Ten years after I started covering this team in earnest, the front office is still operating with the same appetite for a swing that defined the dynasty years. Green, James, and Davis all share an agent in Rich Paul, which is the kind of detail that makes you wonder how much of this has been quietly choreographed behind the scenes for longer than anyone’s letting on.
The timeline gets even more interesting when you add Kristaps Porzingis back into the mix. Hours after the Green news broke, Porzingis agreed to a new two-year, $40 million deal to stay in Golden State, a move that locks in size and shooting but also tightens the financial runway for fully paying James the nontaxpayer midlevel exception. The front office still believes there’s a path to make it work, but it’s not a clean one anymore.
As for the LeBron piece specifically, Golden State’s interest isn’t new. Team sources have indicated for weeks that this courtship was coming, built on the read that James was probably headed back to the Lakers. That read is shifting as apparently negotiations between James and Los Angeles have stalled heading into Tuesday’s free agency, and that stall is exactly the kind of crack in the door this front office has been waiting on.
Then there’s Anthony Davis, which is where this gets genuinely fascinating. League sources believe Davis could function less as the primary target and more as the bait, a familiar championship partner from that 2020 Lakers title run who could help close the deal on James himself. Nothing concrete has moved on the Davis front yet, but if it does, the realistic version of that trade almost certainly has to include Jimmy Butler, who is still less than four months removed from ACL surgery and is set to make an expiring $56.8 million next season against Davis’s $58.4 million. Am I seeing that right, DNHQ?

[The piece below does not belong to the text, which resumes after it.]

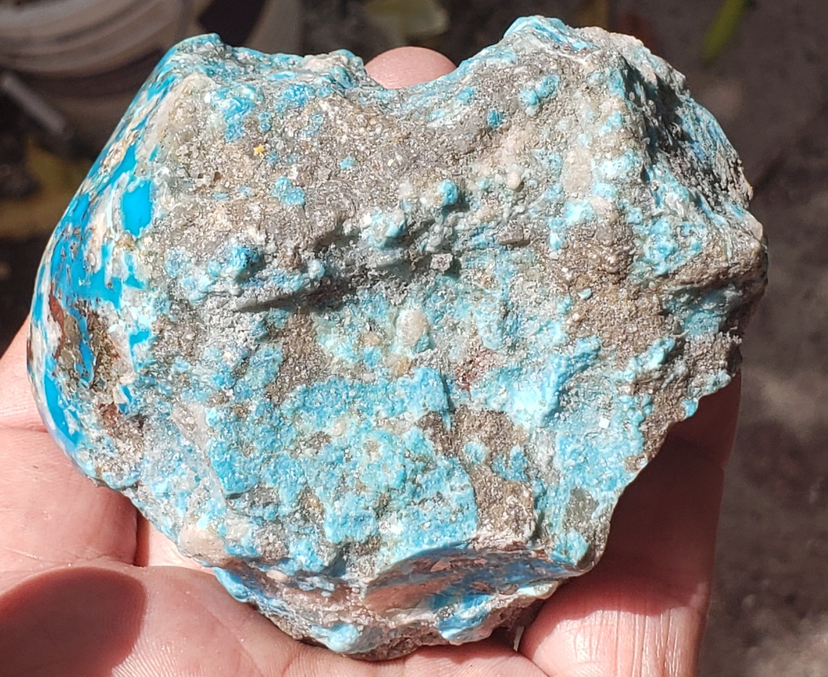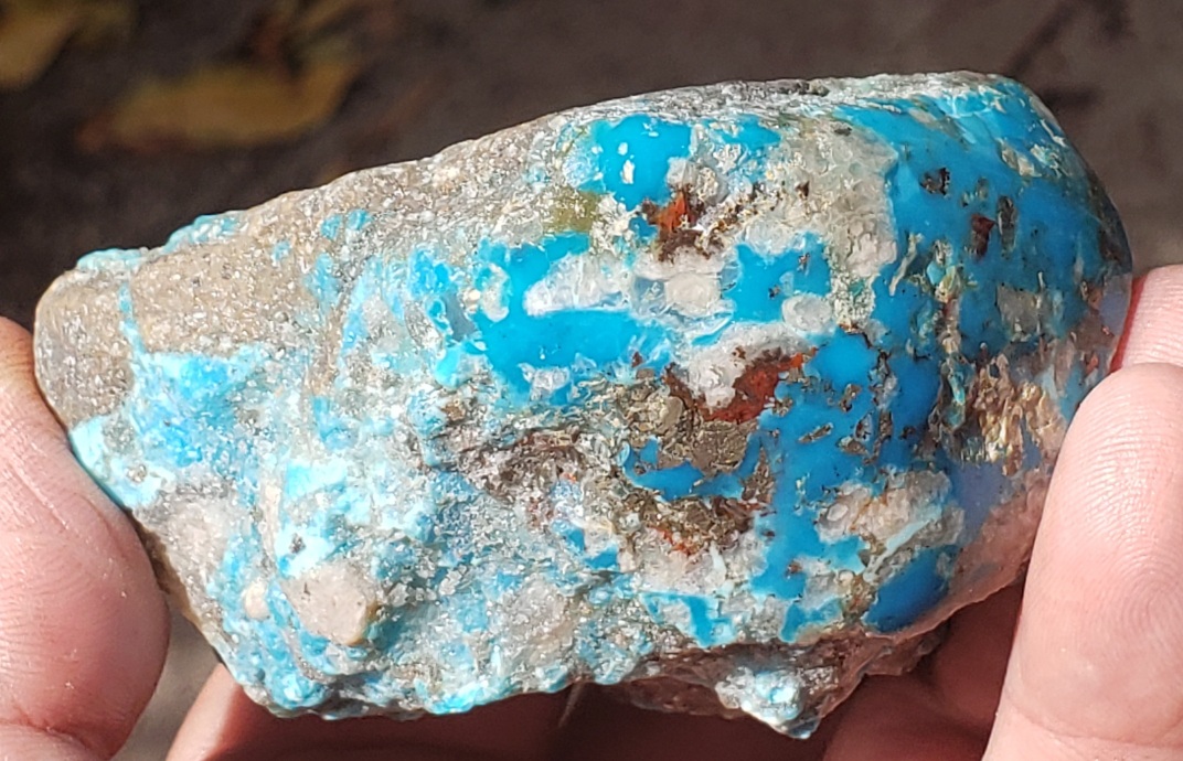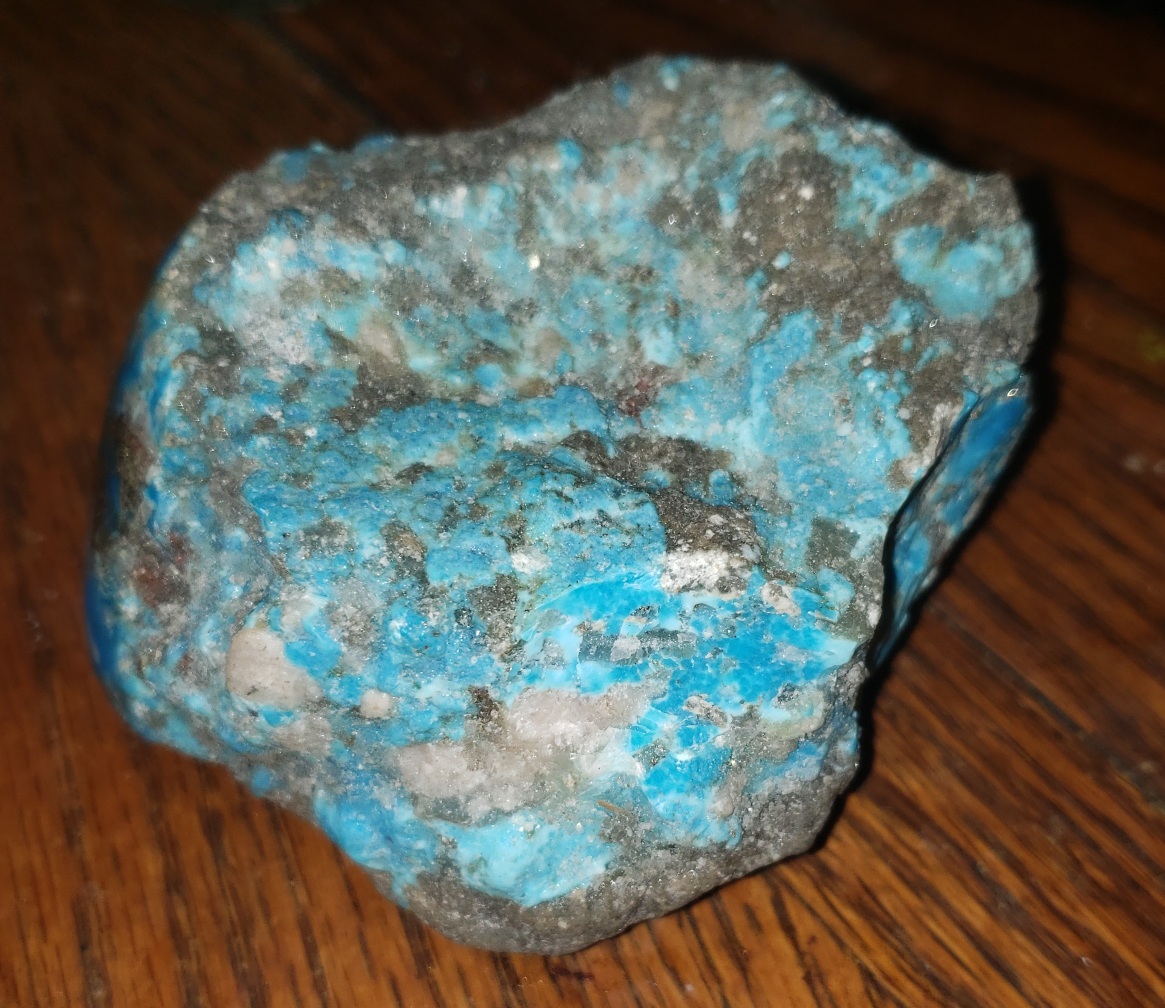 I forget what the yield is per pound of rough, I am thinking it was something like 1500 carats. That depends on the rock, some can have a better yield and others more waste. It looks stabilized? I would lean more Kingman. Seeing that around $1.25 per carat, going with 1500 carats x .86 gives us maybe 1290 carats. If you break it down that way you are looking at $1612.50. Of course definitely a lot to do before you get there. We had some not as nice as this come through for $50 a pound, I would guess yours somewhere around $200 - $250.

Here’s where I want to be careful, because Butler isn’t just a trade chip in a spreadsheet. The organization has told him directly, dating back to the February deadline, that they want to keep him. Butler addressed the speculation himself last week, saying it’s good to know he’s wanted, and that if the front office finds a faster path to winning without him, that’s their job to pursue. His agent Bernie Lee echoed that the franchise, from ownership down to the medical staff, has stayed committed to supporting Butler through his rehab.
So that’s the basketball reality sitting underneath everything I said about twilight and inspiration. This roster, the one that’s older now, a little more fragile, occasionally banged up, just watched its locker room leader bet on something bigger. Whatever happens with LeBron or Davis or Butler, the appetite hasn’t changed. The hunger to add one more chapter is still very much alive. Which means just like you and I, the Warriors still very much have something to say.